- Source information -
-- -- --
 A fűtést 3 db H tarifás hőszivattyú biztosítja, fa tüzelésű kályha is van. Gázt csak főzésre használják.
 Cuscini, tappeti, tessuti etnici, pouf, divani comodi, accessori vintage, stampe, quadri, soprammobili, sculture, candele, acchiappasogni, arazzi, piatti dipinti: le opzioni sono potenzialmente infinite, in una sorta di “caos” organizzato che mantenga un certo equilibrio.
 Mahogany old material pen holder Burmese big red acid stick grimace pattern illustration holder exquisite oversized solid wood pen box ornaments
-- -- --
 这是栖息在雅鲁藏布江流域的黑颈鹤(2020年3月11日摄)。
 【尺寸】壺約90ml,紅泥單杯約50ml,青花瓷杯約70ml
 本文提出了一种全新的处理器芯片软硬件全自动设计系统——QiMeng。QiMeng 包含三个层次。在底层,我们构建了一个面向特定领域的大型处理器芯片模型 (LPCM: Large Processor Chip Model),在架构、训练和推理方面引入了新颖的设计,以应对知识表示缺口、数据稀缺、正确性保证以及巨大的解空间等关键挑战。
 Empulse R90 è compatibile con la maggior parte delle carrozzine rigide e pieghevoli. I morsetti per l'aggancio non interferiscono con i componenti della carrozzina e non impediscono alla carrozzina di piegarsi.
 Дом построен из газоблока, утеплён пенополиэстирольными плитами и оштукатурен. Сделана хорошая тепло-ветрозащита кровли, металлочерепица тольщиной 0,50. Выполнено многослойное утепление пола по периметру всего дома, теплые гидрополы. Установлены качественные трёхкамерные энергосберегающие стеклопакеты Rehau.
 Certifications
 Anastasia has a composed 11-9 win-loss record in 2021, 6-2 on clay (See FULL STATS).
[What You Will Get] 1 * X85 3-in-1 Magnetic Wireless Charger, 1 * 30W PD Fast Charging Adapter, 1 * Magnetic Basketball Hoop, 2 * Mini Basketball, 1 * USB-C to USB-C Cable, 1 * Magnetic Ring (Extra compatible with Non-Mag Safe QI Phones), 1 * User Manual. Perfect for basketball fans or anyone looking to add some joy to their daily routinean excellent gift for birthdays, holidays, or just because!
-- -- --
Using the records above, write out exactly the lines between the one holding "Дом построен из" and the one holding "Anastasia has a", inclusive; leave everything else out.

 Дом построен из газоблока, утеплён пенополиэстирольными плитами и оштукатурен. Сделана хорошая тепло-ветрозащита кровли, металлочерепица тольщиной 0,50. Выполнено многослойное утепление пола по периметру всего дома, теплые гидрополы. Установлены качественные трёхкамерные энергосберегающие стеклопакеты Rehau.
 Certifications
 Anastasia has a composed 11-9 win-loss record in 2021, 6-2 on clay (See FULL STATS).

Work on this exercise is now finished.